* **THE PROBLEM**
No pictures go into the copy. Write out exactly the lines below from the one containing "本站讯 近日,中宣部宣传舆情" through the one containing "mismos géneros suaves.".

* **LISTED ENTRIES**
□ □ □

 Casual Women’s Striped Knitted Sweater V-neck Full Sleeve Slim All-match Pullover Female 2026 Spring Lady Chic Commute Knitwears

□ □ □

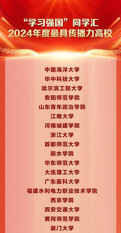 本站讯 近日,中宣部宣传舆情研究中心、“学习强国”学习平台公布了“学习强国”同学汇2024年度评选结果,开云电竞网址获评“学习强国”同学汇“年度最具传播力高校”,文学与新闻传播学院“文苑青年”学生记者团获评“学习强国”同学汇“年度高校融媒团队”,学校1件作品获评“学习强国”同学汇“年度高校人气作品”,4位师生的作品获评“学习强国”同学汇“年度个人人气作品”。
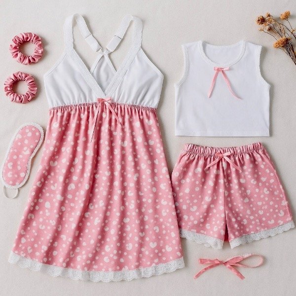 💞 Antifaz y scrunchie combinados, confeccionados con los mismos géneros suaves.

□ □ □

* **REPLY TO THE EXERCISE**
 本站讯 近日,中宣部宣传舆情研究中心、“学习强国”学习平台公布了“学习强国”同学汇2024年度评选结果,开云电竞网址获评“学习强国”同学汇“年度最具传播力高校”,文学与新闻传播学院“文苑青年”学生记者团获评“学习强国”同学汇“年度高校融媒团队”,学校1件作品获评“学习强国”同学汇“年度高校人气作品”,4位师生的作品获评“学习强国”同学汇“年度个人人气作品”。
 💞 Antifaz y scrunchie combinados, confeccionados con los mismos géneros suaves.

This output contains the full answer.